FEIJÃO COM CARNE

Quando trabalhava em uma concessionária de Energia Elétrica, fazia parte da equipe de emergência. Em duplas, cuidávamos de nossa cidade e varias outras da região. Tanto a parte urbana como a rural no período noturno.

Em uma noite muito chuvosa, fomos acionados pela central para um evento na zona rural, após meu parceiro pegar todos os dados, pegamos o mapa estudamos e chegamos à seguinte conclusão: Era muito longe, com uma estrada muito ruim, alem de ser PARTICULAR, o que transferia a responsabilidade de manutenção para o proprietário.

Passamos as informações para a central, pedindo o cancelamento daquela ordem de serviço, sendo recusada por estarem sem o SISTEMA.

Preparamos a camionete 4x4 traçada e nova, e nos dirigimos para a fazenda, apesar de ser ótima, era muito pesada e baixa, portanto quando batia o peito no solo, ela ficava suspensa, descíamos e calçávamos as rodas e saiamos molhados e sujos.

Eu gostava muito destes eventos, ganhava relativamente bem, tinha muita aventura, carro bom, me sentia o rei do rally. Todas as provas realizadas deste esporte eram durante o dia, e as nossas durante a noite, com muito mais adrenalina, sem apoio, sem planejamento preliminar e com tempo para cumprir. Quando utilizávamos as F350, com cinco toneladas e sem tração, ai sim éramos os Deuses dos rallys.

Chegamos ao local e concluímos que realmente era PARTICULAR, neste local não pegava radio nem celular, portanto todas as decisões seriam nossas.

Enquanto observávamos, embaixo de uma chuva forte, o caseiro da fazenda sai ate o alpendre nos saúda e nos convida:

- Bas noite! Muitos problemas?

- Noite! Hoje esta muito difícil.
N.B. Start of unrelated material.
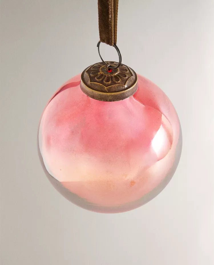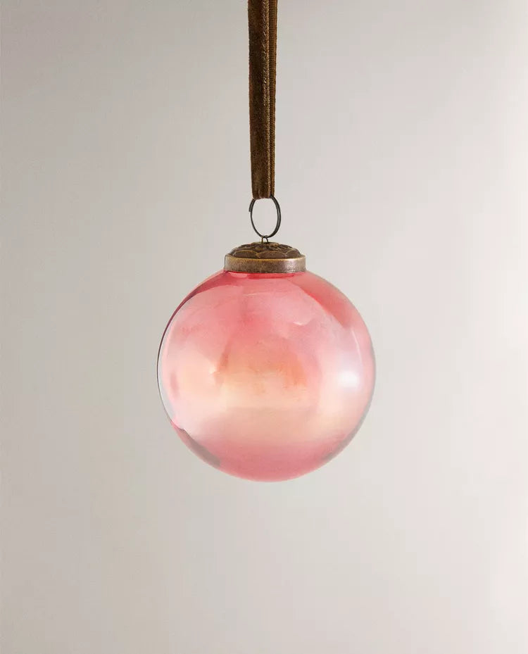 Enfeite para árvore de Natal em forma de bola, elaborado em vidro vermelho translúcido. Altura Largura Profundidade 9cm 9cm 9cm... Read more

Respondi enquanto meu parceiro reclamava de um pingo de chuva dentro do olho.

- Chega pra dentro, pra modi fugir da chuva.

Entramos na casa simples, fogão de lenha no canto aceso, exalava um cheiro muito bom de comida, do outro lado o quarto e no fundo o banheiro.
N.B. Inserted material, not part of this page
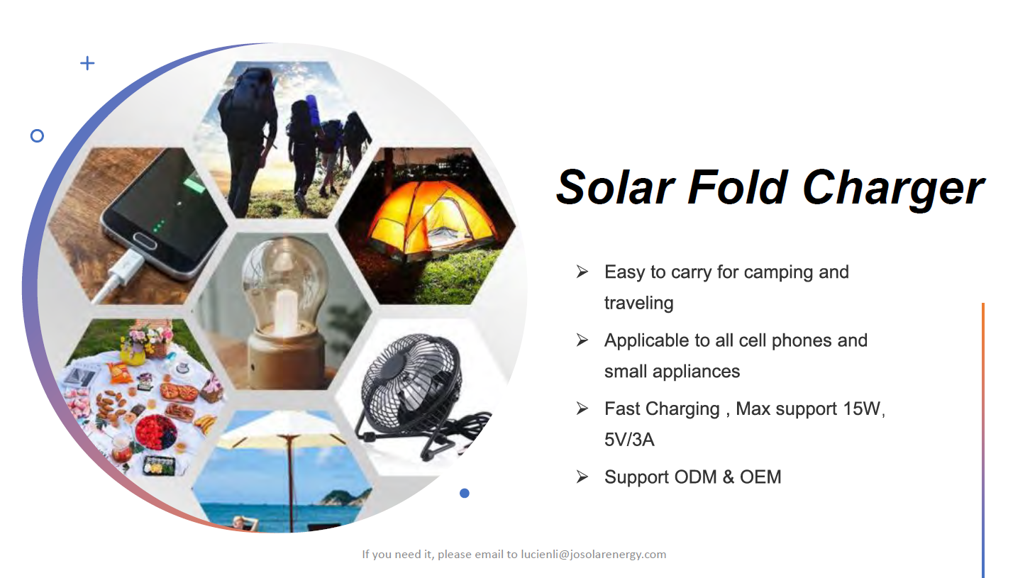 2. Wide compatibility:With a USB output port, it is compatible with all 5V USB charging devices, including smartphones, Bluetooth headsets, cameras, etc. Users can store solar energy with a power bank as a backup. Use it when you go camping, hiking, or find yourself in an area with low power.

-Abanquem, já falei pro patrão arrumar, mais ele é muito pão duro, já falei que num dianta ligar, cêis nunca vem, cêis devem ser novos, os véios nunca vêm.

- La na central que devem ser novos, nos mandaram vir mesmo sabendo que é PARTICULAR.

- Cêis tão tudo moiado, toma uma pinguinha pra modi esquentar.

Apesar do calor do fogão, estávamos molhados e com muito frio e naquele momento, ate xixi de vaca eu tomaria para esquentar.

Malandro véio, muitos anos de emergência, muitos atendimentos rurais, conhecedor da simplicidade e cortesia do homem do campo, logo após o caseiro servir nossas pingas, disparei paro o meu parceiro:

- Cuidado com a pinga, você esta dirigindo e esta sem comer nada o dia todo, não vai ficar bêbado. Com certeza, seu Zé nos ofereceria algo para comer.

- Mas óia! Fiz uma carne com feijão inda agorinha, ta boa dimais, pega ali nu fogão, vou ajeitar us trem pro cêis comer.

- Muito agradecido, mas não precisa se incomodar, outra hora a gente come.

- Di jeito ninhum! Cêis bebi a pinguinha e come um cadinho, é simples mais ta gostoso.

- Feijão com carne, nunca vi...

- É simples:

- Nun cardeirão fundo, coloque a banha de porco, o aio, cebola e loro, corte a ponta di peito du tamanho que cêis quiser, tempere com sar, pimenta e limão china, frite na banha, ate ficar doradinha, ponha um tanto bom de feijão e deixe cozinhar por uma hora, colocando mais água todo tempo pra modi num fica seca.

- Tomei três pingas, comi duas pratadas, nisso a chuva amainou. Antes de ir embora consertamos o defeito, era o mínimo que podíamos fazer pela hospitalidade, não registramos o serviço e voltamos pra casa.

Já fiz na panela de pressão, com ponta de peito, com fraudinha, com pernil, com paleta, ficou muito bom, mas nunca ficou igual a do seu Zé, fartô argo.